# Speeding



## Pakhet (Jan 30, 2003)

A police officer pulled a guy over for speeding and had the following exchange:

Officer: May I see your driver's license?
Driver: I don't have one. I had it suspended when I got my 5th DUI.
Officer: May I see the owner's card for this vehicle?
Driver: It's not my car. I stole it.
Officer: The car is stolen?
Driver: That's right. But come to think of it, I think I saw the
owner's card in the glove box when I was putting my gun in there.
Officer: There's a gun in the glove box?
Driver: Yes sir. That's where I put it after I shot and killed the
woman who owns this car and stuffed her in the trunk.
Officer: There's a BODY in the TRUNK?!?!?
Driver: Yes, sir.

Hearing this, the officer immediately called his captain. The car was quickly surrounded by police, and the captain approached the driver to handle the tense situation:

Captain: Sir, can I see your license?
Driver: Sure. Here it is.
It was valid.

Captain: Who's car is this?
Driver: It's mine, officer. Here's the registration.
Captain: Could you slowly open your glove box so I can see if there's a gun in it?
Driver: Yes, sir, but there's no gun in it.
Sure enough, there was nothing in the glove box. 
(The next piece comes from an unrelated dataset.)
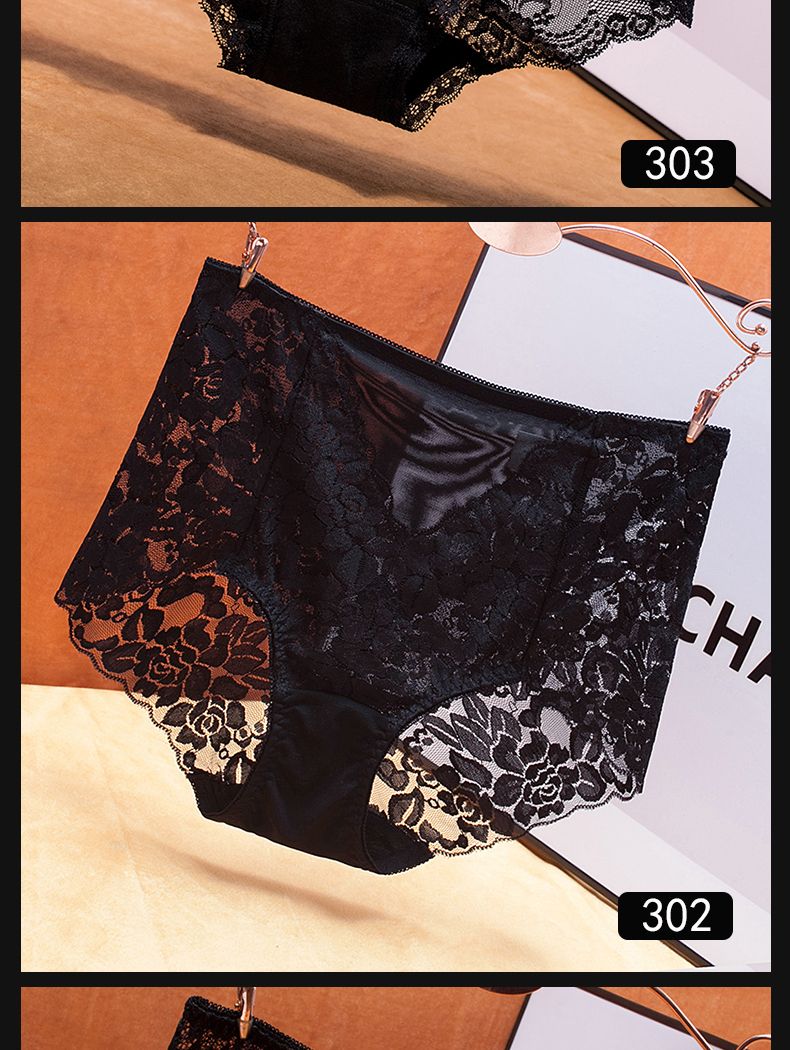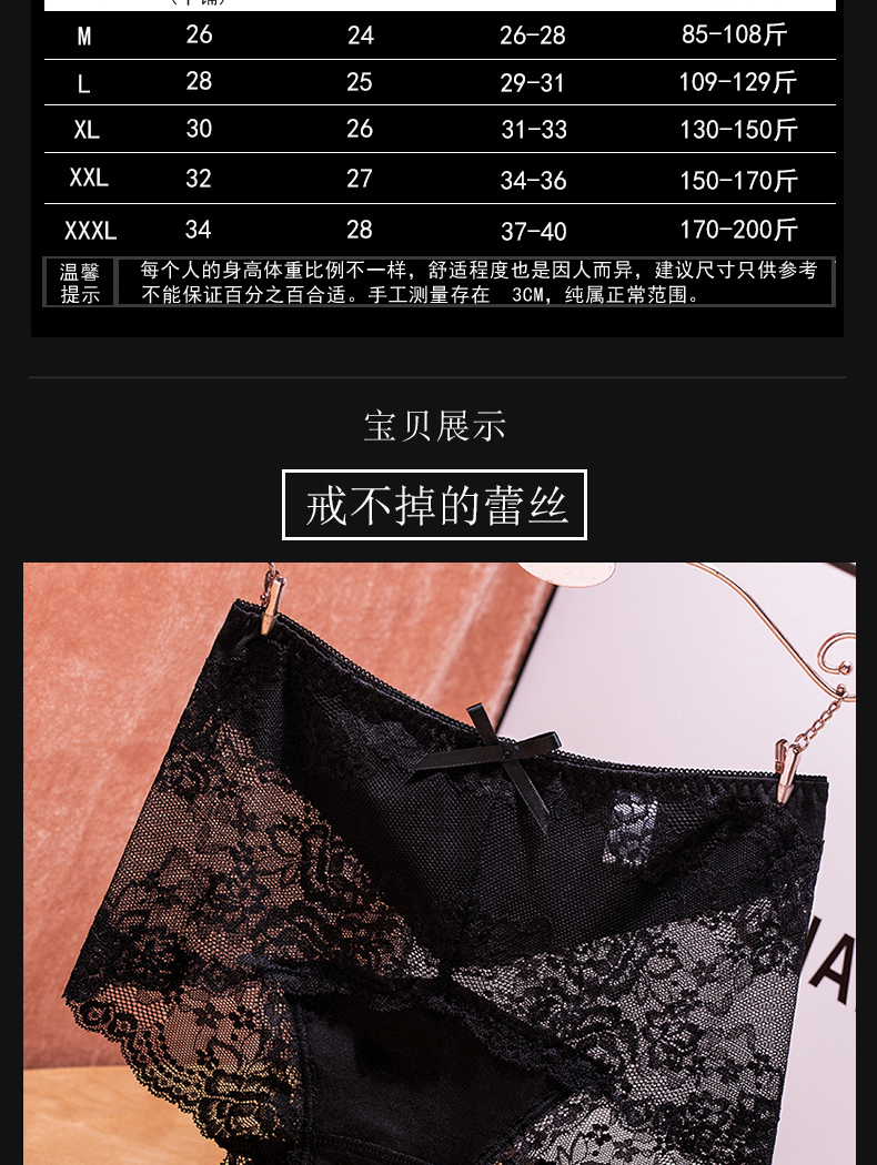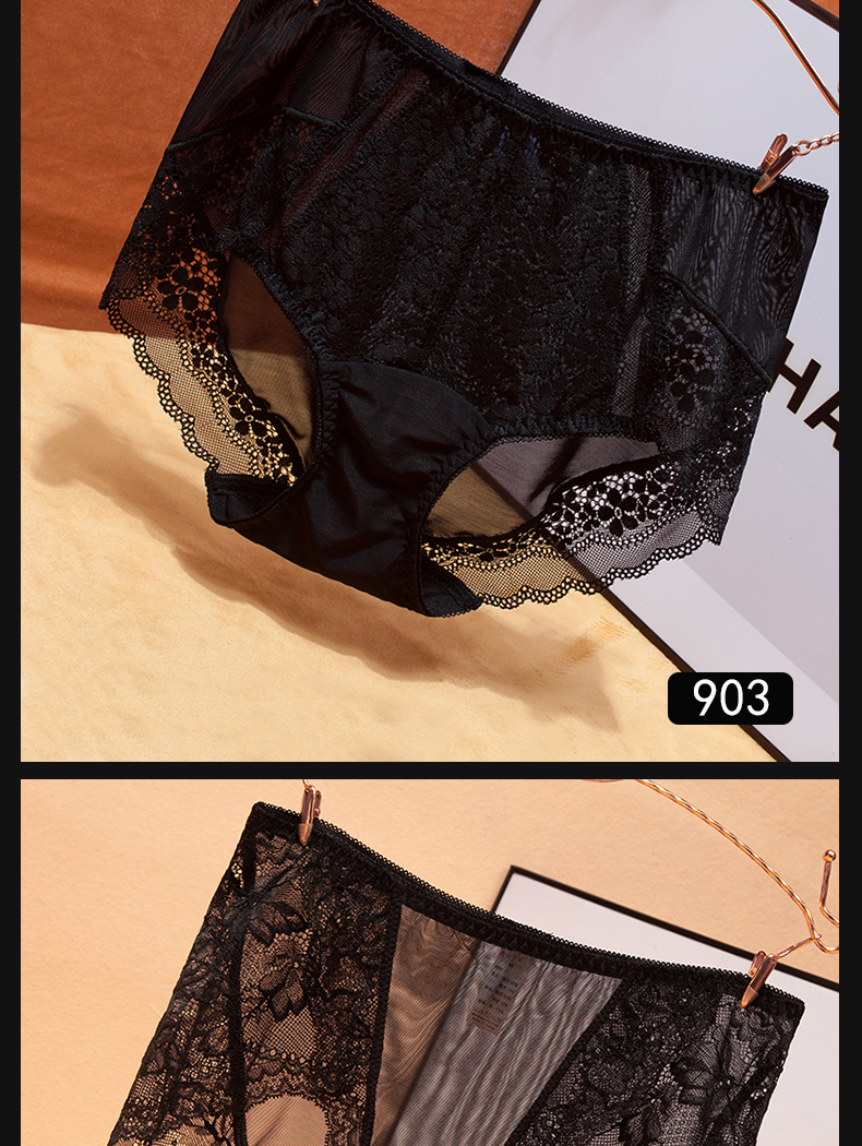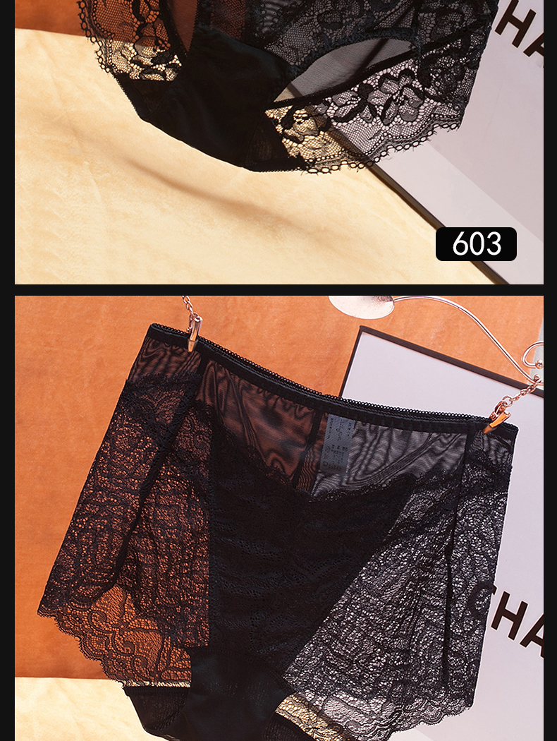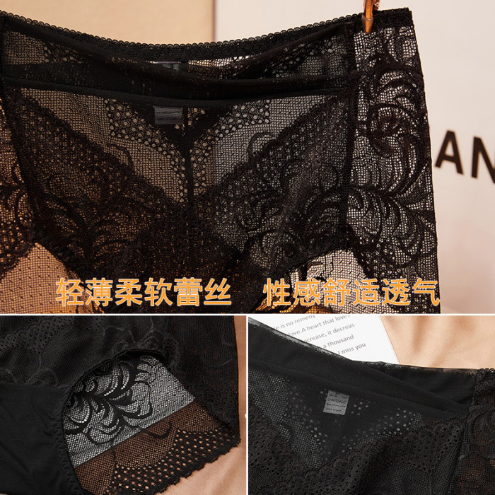 黑蕾絲內褲女性感透明無痕純棉抗菌高腰大碼胖mm三角2025新款春夏

Captain: Would you mind opening your trunk? I was told you said there's a body in it.
Driver: No problem.
The trunk was opened; no body.

Captain: I don't understand it. The officer who stopped you said you told him you didn't have a license, stole the car, had a gun in the glovebox, and that there was a dead body in the trunk.

Driver: Yeah, I'll bet he told you I was speeding, too.


 

Lisa


----------



## arnisador (Aug 21, 2003)

Heh.


----------